Repeat exactly, please, the opening lines of the data below, through and including the line where "Sunny Hostin on" sits.
══ Data for review ══
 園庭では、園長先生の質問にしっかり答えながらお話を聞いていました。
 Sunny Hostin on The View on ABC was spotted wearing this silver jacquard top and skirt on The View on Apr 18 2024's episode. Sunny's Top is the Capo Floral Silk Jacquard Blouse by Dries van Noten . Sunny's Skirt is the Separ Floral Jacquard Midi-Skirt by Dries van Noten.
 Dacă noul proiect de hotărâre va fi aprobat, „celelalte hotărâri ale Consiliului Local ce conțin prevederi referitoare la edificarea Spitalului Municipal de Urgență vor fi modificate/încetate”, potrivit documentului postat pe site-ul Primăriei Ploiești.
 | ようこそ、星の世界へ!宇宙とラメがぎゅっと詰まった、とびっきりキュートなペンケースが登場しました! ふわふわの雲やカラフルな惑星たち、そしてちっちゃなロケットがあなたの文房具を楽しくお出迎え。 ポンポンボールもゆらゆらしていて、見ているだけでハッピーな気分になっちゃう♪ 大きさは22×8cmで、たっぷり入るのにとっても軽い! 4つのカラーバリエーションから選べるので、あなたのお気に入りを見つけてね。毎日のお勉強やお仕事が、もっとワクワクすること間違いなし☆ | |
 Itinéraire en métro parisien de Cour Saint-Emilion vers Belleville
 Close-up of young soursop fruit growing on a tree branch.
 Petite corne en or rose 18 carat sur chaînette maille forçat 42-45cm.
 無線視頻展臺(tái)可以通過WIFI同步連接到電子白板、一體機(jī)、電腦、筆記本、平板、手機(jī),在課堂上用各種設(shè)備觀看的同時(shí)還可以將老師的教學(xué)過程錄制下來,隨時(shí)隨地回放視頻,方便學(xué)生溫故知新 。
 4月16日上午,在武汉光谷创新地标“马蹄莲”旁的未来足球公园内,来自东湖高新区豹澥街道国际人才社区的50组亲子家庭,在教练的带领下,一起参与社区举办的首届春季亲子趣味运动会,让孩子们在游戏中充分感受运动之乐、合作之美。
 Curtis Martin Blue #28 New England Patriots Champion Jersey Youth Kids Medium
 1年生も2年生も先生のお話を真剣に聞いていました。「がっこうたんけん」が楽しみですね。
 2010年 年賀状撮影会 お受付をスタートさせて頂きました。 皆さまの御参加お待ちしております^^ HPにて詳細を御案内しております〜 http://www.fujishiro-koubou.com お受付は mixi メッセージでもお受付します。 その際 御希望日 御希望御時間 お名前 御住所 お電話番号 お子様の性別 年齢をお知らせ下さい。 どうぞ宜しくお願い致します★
═══
▶ [Exercise response]:
 園庭では、園長先生の質問にしっかり答えながらお話を聞いていました。
 Sunny Hostin on The View on ABC was spotted wearing this silver jacquard top and skirt on The View on Apr 18 2024's episode. Sunny's Top is the Capo Floral Silk Jacquard Blouse by Dries van Noten . Sunny's Skirt is the Separ Floral Jacquard Midi-Skirt by Dries van Noten.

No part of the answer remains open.